Cette fois-ci nous n’allons pas étudier un projet en particulier faisant état du wabisabi, mais une pensée le convoquant. Au travers de son langage architectural on ressent l’empreinte de la culture nippone et d’un certain univers proche du wabi-sabi.
En effet Go Hasegawa, architecte japonais, qui durant des études et en visitant de nombreux bâtiments d’architectes de renom, c’est rendu compte qu’il y avait une véritable coupure entre l’architecture vernaculaire locale et les constructions d’architectes modernes. L’un et l’autre semblaient s’ignorer. Pour Hasegawa les architectes semblaient ne pas tenir compte de ces types d’habitation lors de l’étude de leurs sites comme si les maisons banales des japonais ne faisaient pas partie du paysage environnant. Ainsi lors de ses premiers projets il essaya de faire dialoguer ces différents types d’architectures en en leur insufflant un regard nouveau afin d’aboutir au : « Supernormal Buildings ».
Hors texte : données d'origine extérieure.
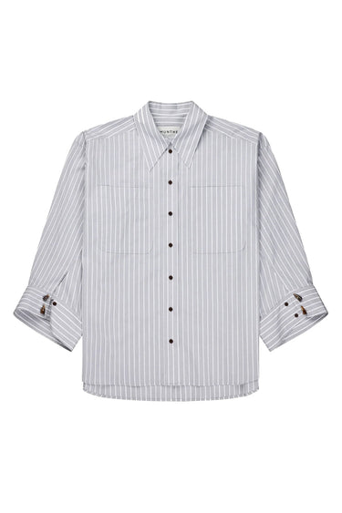 OBS! Fjernlager. Levering kan blive forlænget med 2-3 dage, hvis varen ikke findes i vores butik lige nu.Skjorte med smukke, imiterede hornknapper, elegante striber og brede, smukke manchetter. Skjorten er designet til at være oversize.

Pour concevoir ce type de projet, l’architecte part ainsi d’un élément extrêmement simple ou banal. Celui-ci peut soit être suggéré par le client, soit être le résultat de l’étude du site et la présence récurrente d’un élément ou une forme architecturale qui n’a plus d’intérêt aux yeux de la majorité. C’est alors que sa réflexion entre dans le domaine du wabi-sabi. Il s’interroge sur le potentiel des choses les plus humbles et banales afin de les réinterpréter et de révéler leur beauté disparue. En partant de cette méthode voici à quels types de projet Go Hasegawa a abouti.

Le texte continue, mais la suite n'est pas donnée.